Le mot circule chez les économistes : « IAflation ». L'idée ? Que la course mondiale à l'intelligence artificielle, en faisant flamber les besoins en électricité, en puces et en infrastructures, pourrait nourrir une nouvelle poussée des prix — comme l'avait fait, en 2022, le choc énergétique. Une hypothèse sérieuse, mais que ses propres tenants présentent avec prudence.
Une demande d'énergie qui s'envole
Les centres de données sont d'immenses consommateurs d'électricité, et l'IA accélère leur appétit. L'Agence internationale de l'énergie souligne que la demande mondiale d'électricité a connu en 2024 sa plus forte hausse depuis des années, les data centers y prenant une part croissante. Aux États-Unis comme ailleurs, les réseaux doivent absorber ces nouveaux besoins, ce qui peut tendre localement les prix de l'énergie — alors même que, globalement, les tarifs de gros ont plutôt reflué en 2024.
Composants et infrastructures sous tension
La pression se voit surtout sur les intrants industriels. La ruée vers les puces d'IA et la mémoire haute performance a fait grimper les prix des processeurs graphiques et de la RAM — un phénomène que nous documentions récemment. À cela s'ajoute la demande de foncier industriel, de transformateurs et de systèmes de refroidissement pour bâtir ou moderniser les data centers. Autant de coûts qui, en amont, peuvent se diffuser dans l'économie.

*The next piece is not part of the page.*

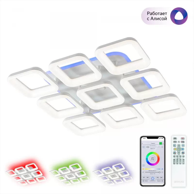- Потолочная люстра Паркер Смарт CL225A290E квадратная белая Citilux

Le contre-argument : l'IA, force de désinflation
Mais l'histoire des grandes vagues technologiques invite à nuancer. À terme, l'IA est censée accroître la productivité — produire plus avec autant de moyens —, ce qui pèse à la baisse sur les prix. Des travaux de recherche (notamment au NBER) documentent déjà des gains de productivité concrets dans certains métiers. Comme l'internet dans les années 1990, l'IA pourrait ainsi enchaîner une phase d'investissements massifs (et de tensions) avant que les effets bénéfiques sur l'offre ne l'emportent.
Ce qui est constaté, ce qui est débattu
Distinguons l'établi du supposé. Constaté : l'explosion des investissements des géants tech, la pression sur l'électricité et la pénurie de composants. Débattu : l'ampleur réelle de l'effet inflationniste, sa diffusion aux prix à la consommation, et le calendrier auquel les gains de productivité le compenseront. L'« IAflation » reste donc une grille de lecture, pas un verdict — mais une raison de plus, pour les banques centrales, de garder l'œil sur leurs thermomètres.